Information given:
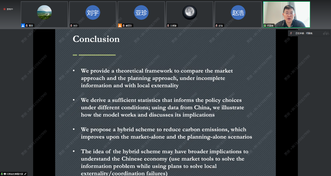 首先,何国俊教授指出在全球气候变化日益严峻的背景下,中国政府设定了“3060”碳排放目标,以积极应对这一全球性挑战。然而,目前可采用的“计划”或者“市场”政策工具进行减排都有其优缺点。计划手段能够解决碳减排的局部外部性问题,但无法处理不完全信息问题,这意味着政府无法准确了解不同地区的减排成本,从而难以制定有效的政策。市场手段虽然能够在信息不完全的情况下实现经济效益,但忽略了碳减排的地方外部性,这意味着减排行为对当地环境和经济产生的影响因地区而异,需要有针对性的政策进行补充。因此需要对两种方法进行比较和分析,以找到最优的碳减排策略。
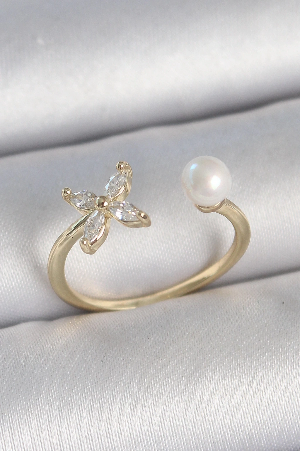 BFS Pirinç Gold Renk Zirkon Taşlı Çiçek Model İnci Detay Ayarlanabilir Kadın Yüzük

==

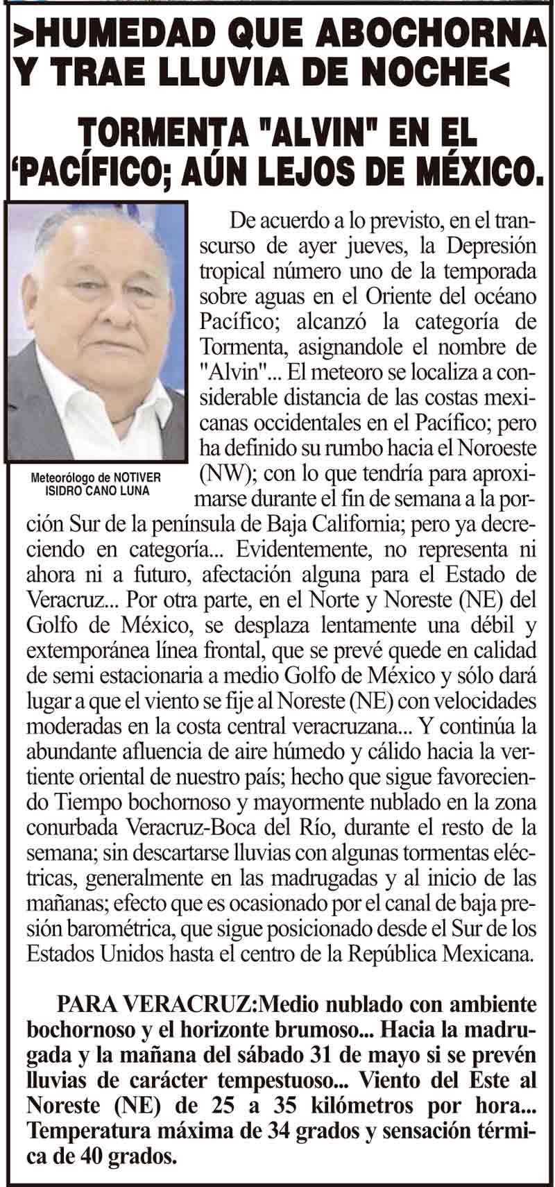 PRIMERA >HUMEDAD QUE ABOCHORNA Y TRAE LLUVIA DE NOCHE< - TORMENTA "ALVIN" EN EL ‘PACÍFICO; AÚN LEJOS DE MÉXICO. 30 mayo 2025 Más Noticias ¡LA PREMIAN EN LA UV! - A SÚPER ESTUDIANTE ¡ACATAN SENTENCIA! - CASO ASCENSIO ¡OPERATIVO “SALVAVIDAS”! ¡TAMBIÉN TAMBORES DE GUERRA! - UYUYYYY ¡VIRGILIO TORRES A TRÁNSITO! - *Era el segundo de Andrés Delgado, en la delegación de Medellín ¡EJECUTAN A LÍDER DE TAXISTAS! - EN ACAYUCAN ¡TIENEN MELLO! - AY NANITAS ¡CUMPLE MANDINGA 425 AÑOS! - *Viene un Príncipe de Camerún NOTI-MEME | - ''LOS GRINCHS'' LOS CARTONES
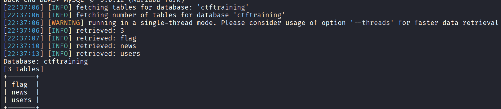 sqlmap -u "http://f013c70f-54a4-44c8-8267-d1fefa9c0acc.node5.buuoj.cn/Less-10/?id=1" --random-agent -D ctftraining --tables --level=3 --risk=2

* * *

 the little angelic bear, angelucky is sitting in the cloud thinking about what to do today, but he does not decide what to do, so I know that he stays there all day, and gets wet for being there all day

Task description:
Look back over the records above. Reproduce exactly everything from the line with "首先,何国俊教授指出在全球气" down to the line with "BFS Pirinç Gold", inclusive, and leave the pictures out.

Written reply:
 首先,何国俊教授指出在全球气候变化日益严峻的背景下,中国政府设定了“3060”碳排放目标,以积极应对这一全球性挑战。然而,目前可采用的“计划”或者“市场”政策工具进行减排都有其优缺点。计划手段能够解决碳减排的局部外部性问题,但无法处理不完全信息问题,这意味着政府无法准确了解不同地区的减排成本,从而难以制定有效的政策。市场手段虽然能够在信息不完全的情况下实现经济效益,但忽略了碳减排的地方外部性,这意味着减排行为对当地环境和经济产生的影响因地区而异,需要有针对性的政策进行补充。因此需要对两种方法进行比较和分析,以找到最优的碳减排策略。
 BFS Pirinç Gold Renk Zirkon Taşlı Çiçek Model İnci Detay Ayarlanabilir Kadın Yüzük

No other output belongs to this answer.